Set T consists of 100 consecutive odd integers. If k is an integer, which of the following CANNOT equal the median of set T?

A) k² - k - 6 B) k² + 8k + 15 C) 4k² + 4k + 1 D) k³ - 4k² - k E) 3k³ - 27k²

*Kudos for all correct solutions

If Set T consists of 100 Consecutive positive odd integers than the median will be even as mentioned above in solution.

But since it's not mentioned positive odd integers or negative odd integers, then there can be a case where the set can be this { -99, -97 ..... -3, -1, 1, 3......97, 99 } and median will be zero

Correct me if I am wrong!!

You're absolutely right. The median COULD equal zero.

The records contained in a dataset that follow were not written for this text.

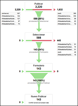 渠道轉(zhuǎn)化報(bào)告,也就是我們常說的漏斗報(bào)告,很好地描述了用戶在目標(biāo)達(dá)成過程中的轉(zhuǎn)化與放棄的情況。網(wǎng)頁的內(nèi)容有沒有足夠的說服力,能否引導(dǎo)用戶順利地達(dá)成轉(zhuǎn)化或購買商品,我們可以從這份報(bào)告中看出一些端倪。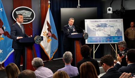 【ワシントン共同】ヘグセス米国防長官らは22日、国防総省で記者会見し、イラン核施設攻撃について説明した。作戦名は「真夜中の鉄つい」だと表明。「初期の分析では全てが標的に命中し、期待通りの影響を与えた」と述べ「圧倒的な成功」だったと強調した。大型の特殊貫通弾を初めて実戦で使ったと明らかにし「イランの核の野望を打ち砕いた」とした。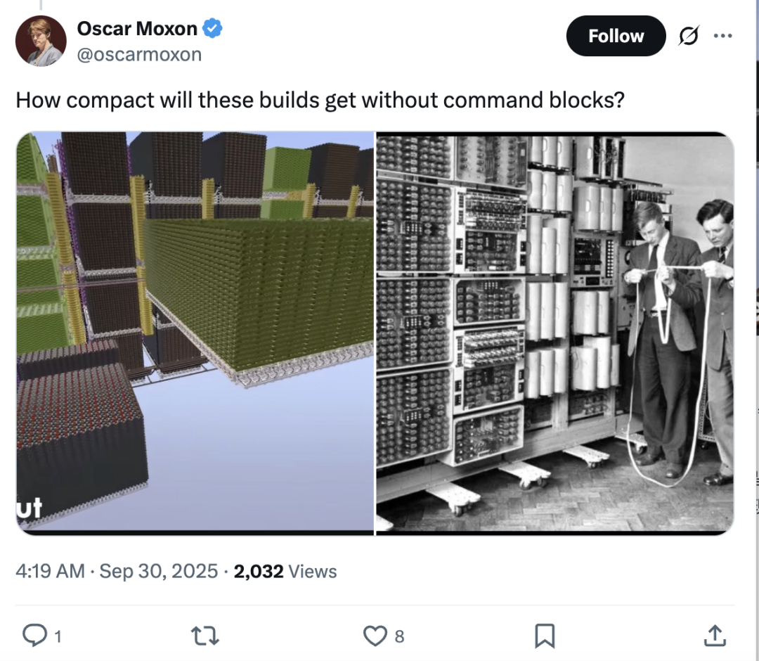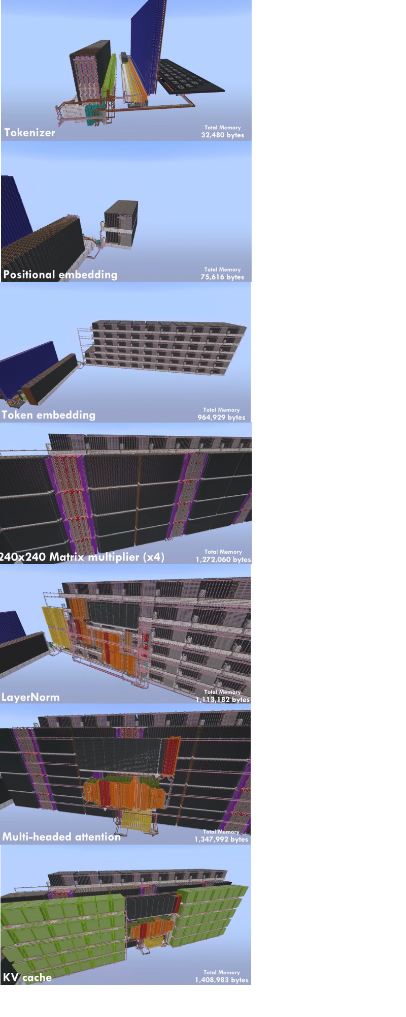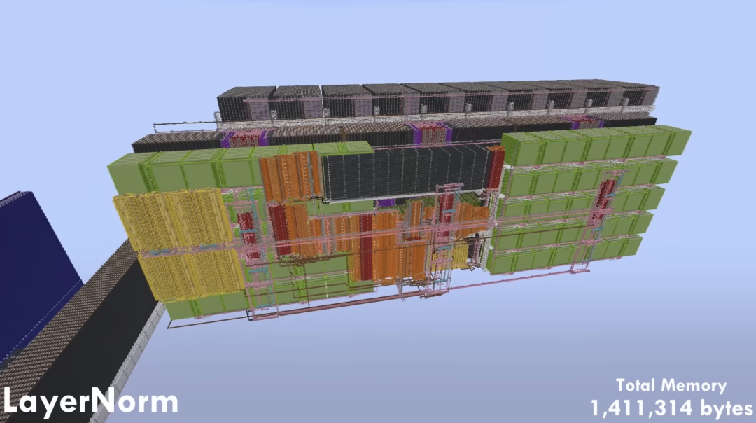 而且手搓这么一个GPT竟然没用指令集,完全是用红石电路(0/1)和存储单元手搓出来的。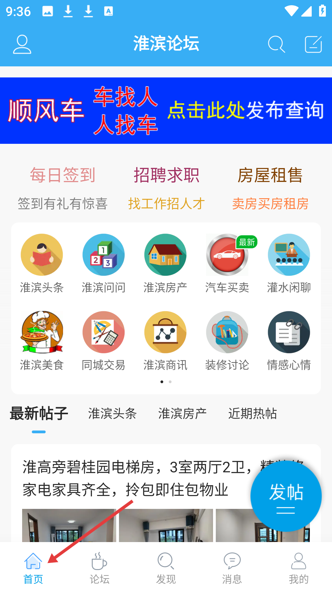 1、首頁(yè)有順風(fēng)車(chē)發(fā)布查詢(xún)?nèi)肟?,含每日簽到、招聘求職等板塊,還有淮濱頭條、房產(chǎn)等功能分類(lèi),展示最新帖子如淮高旁碧桂園房屋租售信息。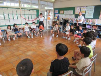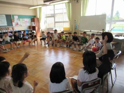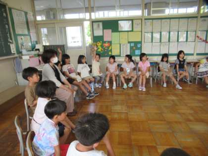 7月3日(月)1・2年生 ホクリクサンショウウオとのお別れ会 公開日 2023/07/03 更新日 2023/07/03 1年生 5月から1、2年生で育ててきたたホクリクサンショウウオを、ファミリーパークへお返しする日になりました。ファミリーパークの職員の方をお招きして、感謝の気持ちを伝えたり、ホクリクサンショウウオ等生き物についての質問をしたりしました。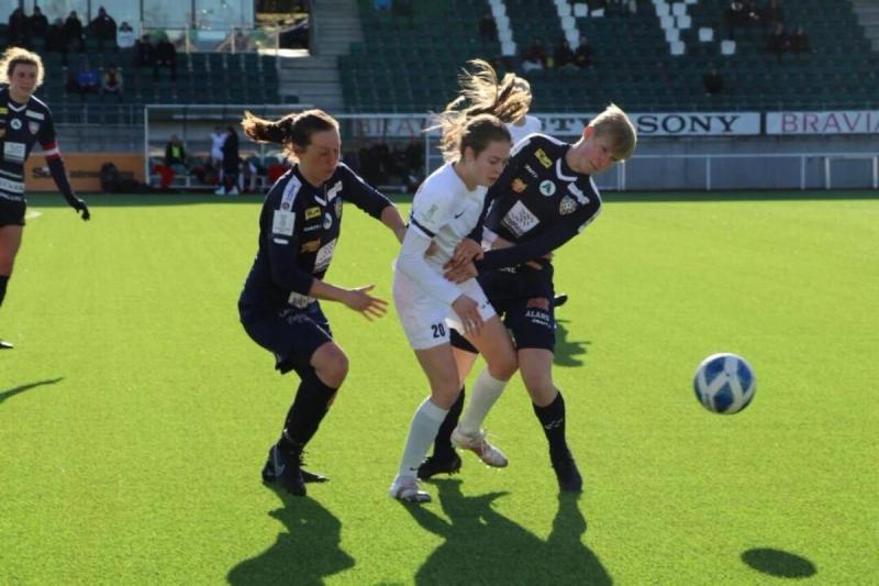 Det var spel mot ett mål i stora delar av första halvlek och PK35-målvakten Tanja Kotoaro fick arbeta hårt för att hålla siffrorna nere. Jacqui Hands skott styrdes i stolpen, Kit Loferski sköt strax utanför och Margarida de Sousas fick för lite träff på nickskarven som gick precis förbi stolpen. Men på tilläggstiden rann bollen igenom ÅU-försvaret till Emilia Kupsanen som placerade reduceringen till 2-1 nere vid bortre stolproten.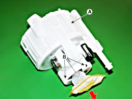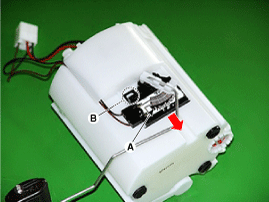 Снимите датчик уровня топлива (А), сдвинув его вниз после освобождения.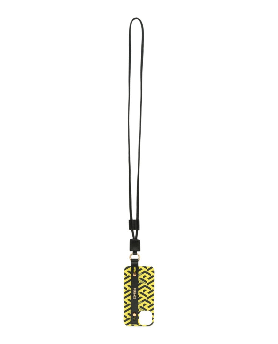 Versace presents a stunning iPhone 12 case that showcases an eye-catching all-over Greca print, embodying bold geometric elegance. Made from durable polyurethane, it safeguards your device while exuding vibrant style. The design includes a convenient hand strap and a detachable lanyard strap, merging functionality with fashion. This accessory is perfect for the modern woman, combining practicality with the unmistakable aesthetic of Versace.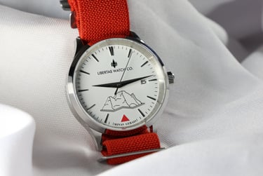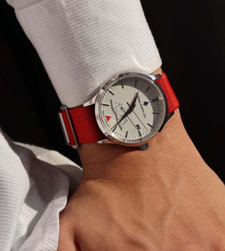 Na versão "Inconfidente", a pulseira do relógio é vermelha e feita de nylon, material intencionalmente selecionado para maior conforto no pulso. Com o baixo peso da peça, você dificilmente sentirá o relógio no seu braço. Já na versão "Cafeicultor", a pulseira é de couro marrom, para um estilo mais tradicional. Ambas essas primeiras versões da coleção Minas Gerais contêm mostrador branco.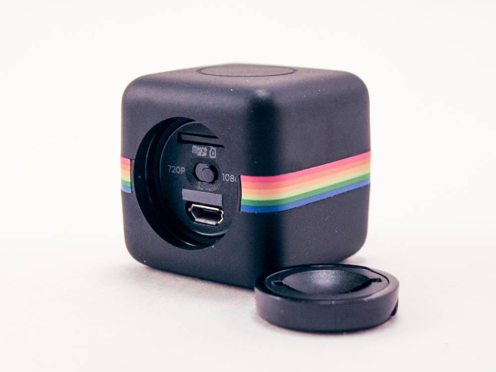 On the back of the Cube is a slotted disc that is impossible to take off using your bare finger. You have to use a small coin, like a penny or a dime to twist it off. The plastic disc that comes off has a rubber portion on the bottom of it that forms a seal with the opening so that water does not leak into the device. Underneath the disc once you take it off is where the SD card slot is as well as the USB charge/sync port. There is also a switch for telling the Polaroid Cube whether to record in 720 or 1080 mode for video.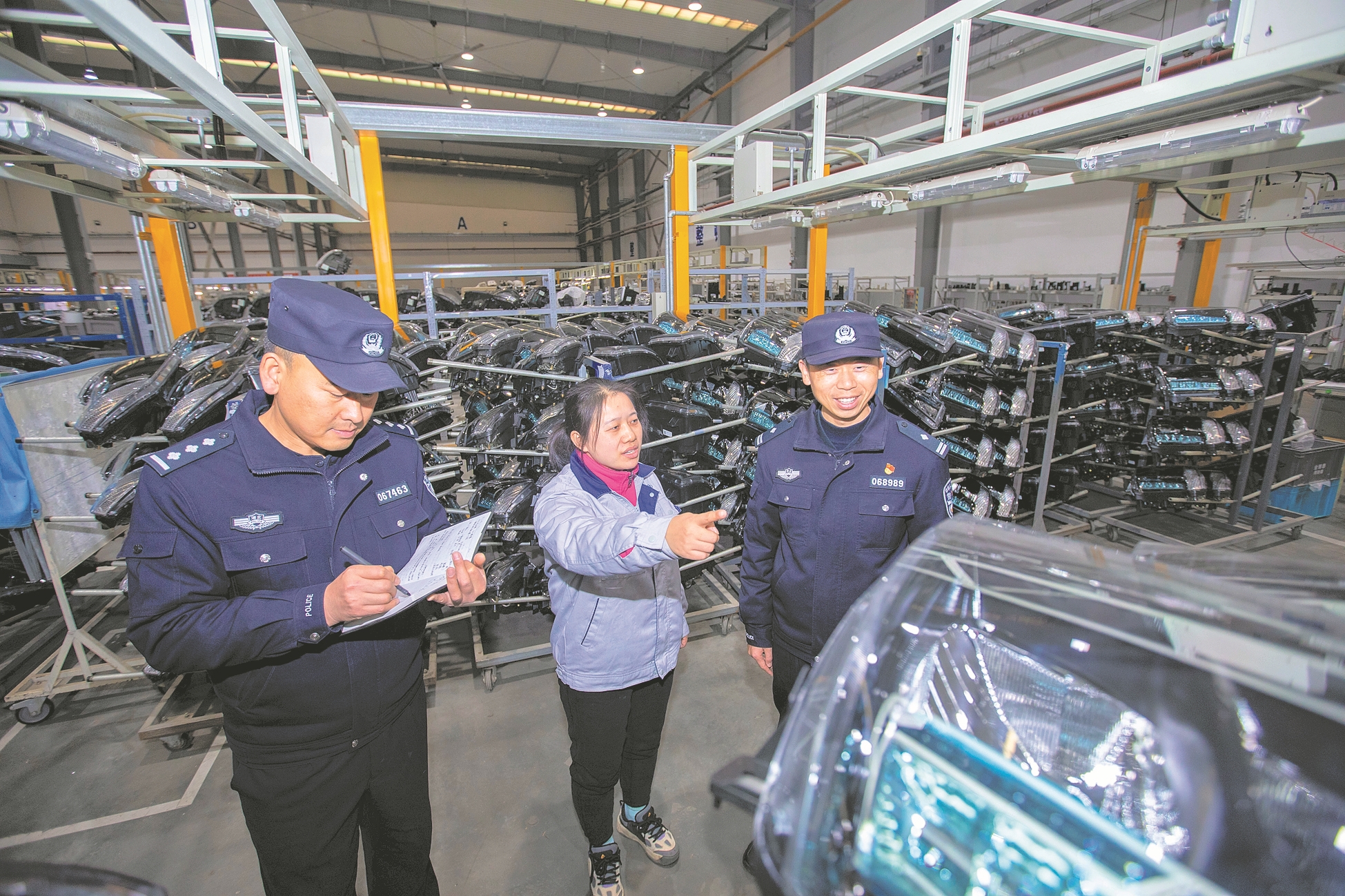 12月24日,市公安局襄城区分局余家湖派出所民警走进湖北环宇车灯有限公司,详细了解企业安全生产情况和日常管理措施,重点检查了厂区消防设施配备、用电用气安全、值班巡逻制度落实等情况,并指导企业完善应急预案和台账资料,引导企业增强安全意识和法治意识。

We can see that answer choices A, B, D and E could equal zero, so we can eliminate them. Here's what I mean.

A) k² - k - 6 = (k + 2)(k - 3). So, answer choice A could equal zero if k = -2 or k = 3. ELIMINATE A

B) k² + 8k + 15 = (k + 3)(k + 5). So, answer choice B could equal zero if k = -3 or k = -5. ELIMINATE B

D) k³ - 4k² - k. If k = 0, then answer choice D could equal zero. ELIMINATE D

E) 3k³ - 27k². If k = 0, then answer choice E could equal zero. ELIMINATE E

What about answer choice C?? C) 4k² + 4k + 1 = (2k + 1)(2k + 1), so answer choice C could equal zero if k = -1/2. HOWEVER, we're told that k is an integer. So, 4k² + 4k + 1 CANNOT equal 0. In fact, if k is an integer, we can see that 4k² + 4k + 1 must be ODD, and as others have mentioned, the median of this set must be EVEN.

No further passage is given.